> GOAL OF THE EXERCISE
With pictures omitted, copy exactly every line from the one that contains "恭喜新加坡司机蒋盼盼于10月30日顺利出境" to the end of the listing below.

> SUPPLIED DATA
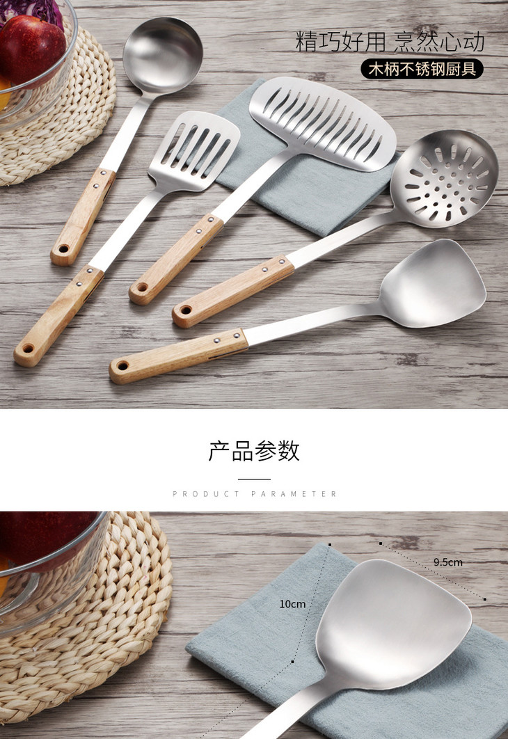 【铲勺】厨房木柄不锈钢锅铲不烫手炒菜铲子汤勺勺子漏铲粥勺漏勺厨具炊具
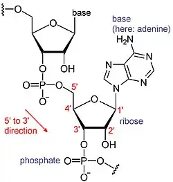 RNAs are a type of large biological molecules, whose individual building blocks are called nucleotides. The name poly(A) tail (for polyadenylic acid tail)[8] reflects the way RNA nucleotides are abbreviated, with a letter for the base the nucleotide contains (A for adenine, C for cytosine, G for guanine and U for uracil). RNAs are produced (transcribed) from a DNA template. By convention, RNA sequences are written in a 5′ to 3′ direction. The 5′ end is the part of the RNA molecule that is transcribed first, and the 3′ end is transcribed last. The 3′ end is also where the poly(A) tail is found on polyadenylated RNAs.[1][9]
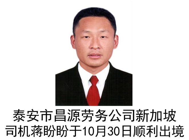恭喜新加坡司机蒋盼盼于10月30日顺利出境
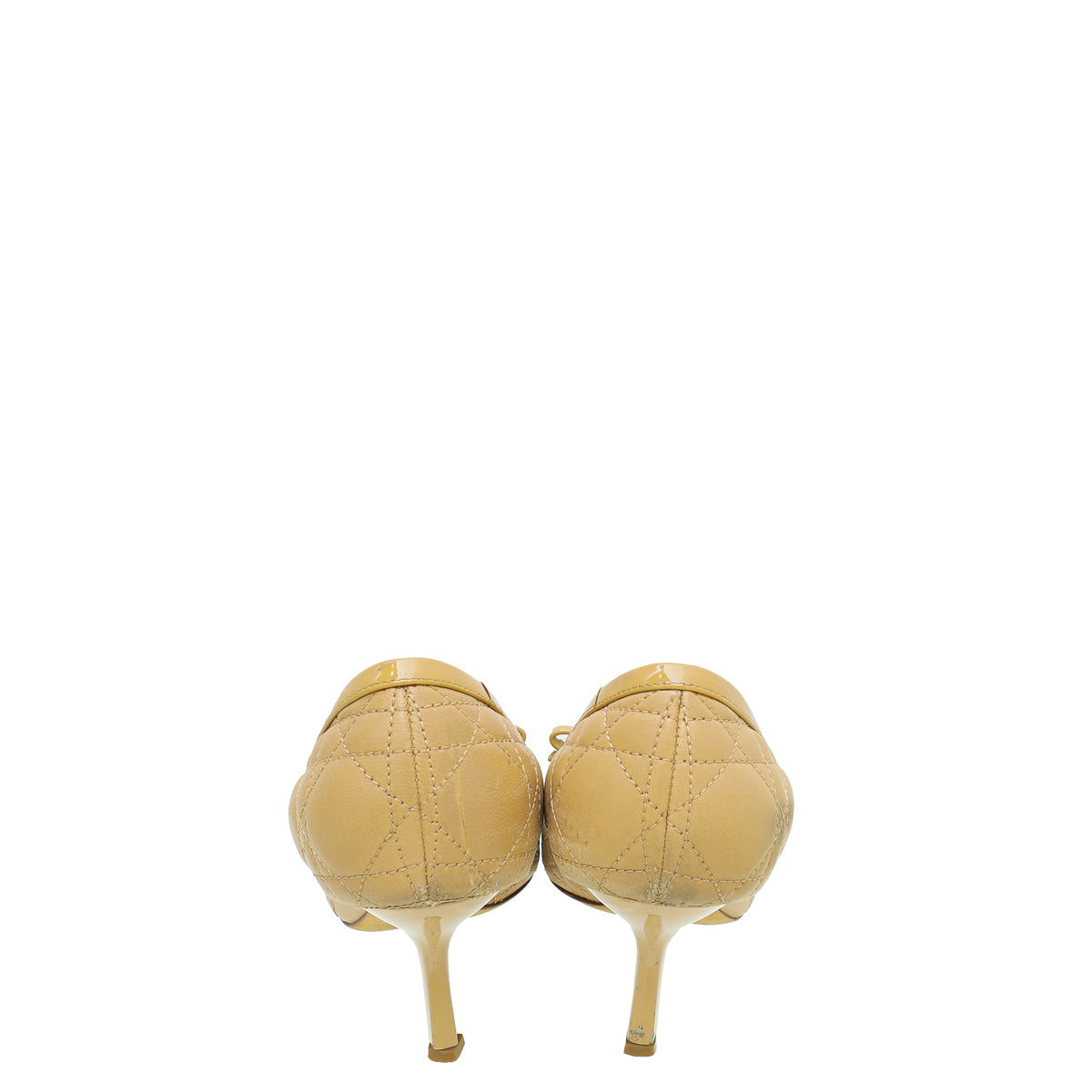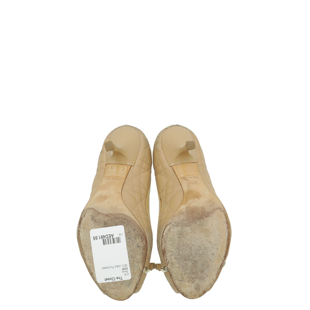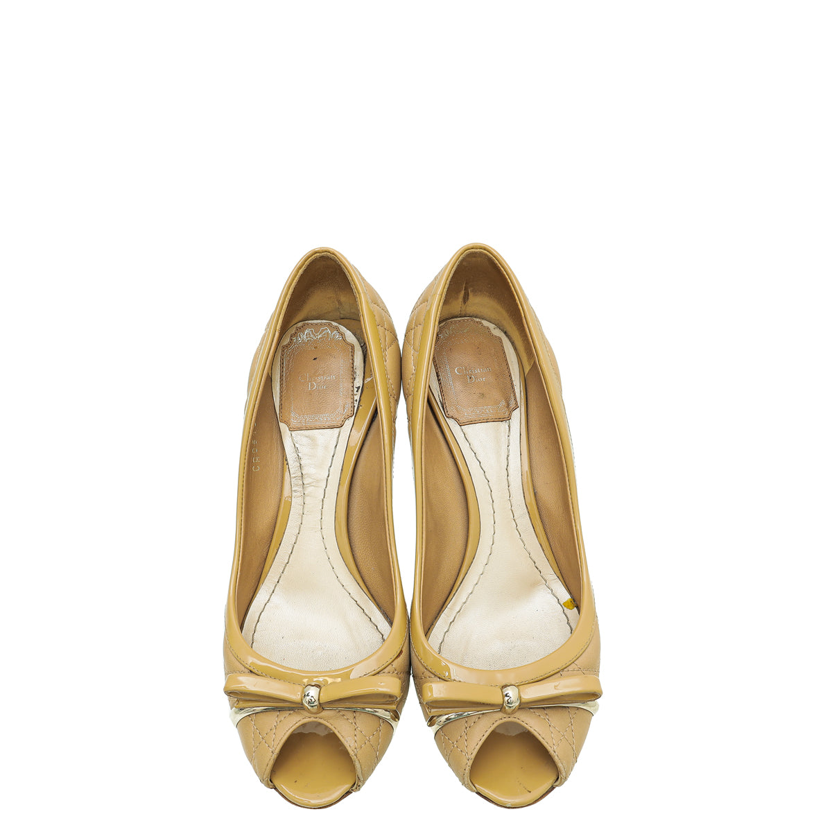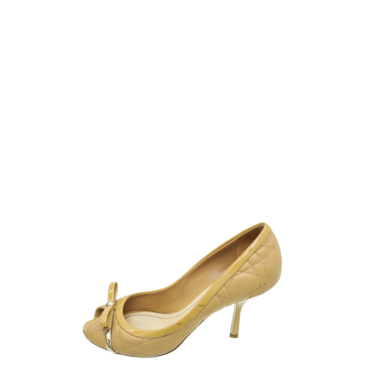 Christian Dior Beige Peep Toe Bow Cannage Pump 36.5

> THE COMPLETED TASK
恭喜新加坡司机蒋盼盼于10月30日顺利出境
 Christian Dior Beige Peep Toe Bow Cannage Pump 36.5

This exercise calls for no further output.